Pt cluster catalysts on N-doped carbon for an efficient formic acid oxidation reaction

Abstract

Direct formic acid fuel cells (DFAFCs) represent a promising energy conversion technology characterized by high efficiency and environmental compatibility. Nevertheless, operational constraints persist, including insufficient catalytic activity during anodic formic acid oxidation and limited tolerance to CO intermediates. Consequently, designing advanced catalytic systems with improved CO resistance remains a crucial research focus. This work systematically explores the electrocatalytic performance of Pt nanoclusters supported on Mo and N-modified carbon matrices for the formic acid oxidation reaction.
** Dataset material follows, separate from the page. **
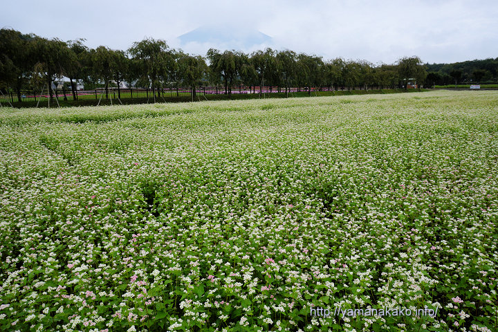 花の都公園のそばの花県道沿いのそばの花を先日紹介し、そちらもまだきれいに咲いていますが、奥側の畑でも写真のように咲き始めました。今朝はまだ雲が多く富士山は輪郭がちょっと見えた程度でしたが、また山頂付近では雪が降ったようです。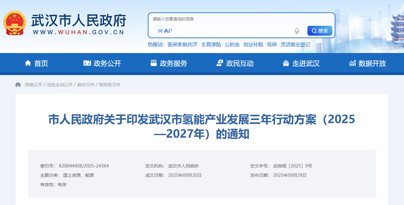 作為國家中心城市、長江經(jīng)濟(jì)帶核心城市和中部崛起戰(zhàn)略支點(diǎn),武漢是國內(nèi)較早布局氫能產(chǎn)業(yè)發(fā)展的城市之一,依托其雄厚的工業(yè)基礎(chǔ)、豐富的科教資源,武漢已構(gòu)建起從制氫、儲運(yùn)到燃料電池及下游應(yīng)用的完整產(chǎn)業(yè)鏈,聚集了一批氫能龍頭企業(yè)和科研機(jī)構(gòu)。就在兩個月前,武漢正式出臺《武漢市氫能產(chǎn)業(yè)發(fā)展三年行動方案(2025—2027年)》,開啟新一輪的氫能產(chǎn)業(yè)發(fā)展行動。

Comprehensive material characterization was achieved through X-ray diffraction analysis, electron microscopy observations, X-ray photoelectron spectroscopy measurements, and cyclic voltammetric evaluations. Electrochemical assessments were conducted in an Ar-saturated mixture of 0.1 M HClO₄ and 0.5 M HCOOH under ambient conditions. Comparative analyses with Pt/C, in-house synthesized Pt/Mo–N–C, and commercial catalysts reveal that the Pt/Mo–N–C composite demonstrates significantly enhanced catalytic activity and CO tolerance. The methodology developed herein offers a generalizable approach for fabricating diverse electrocatalytic materials.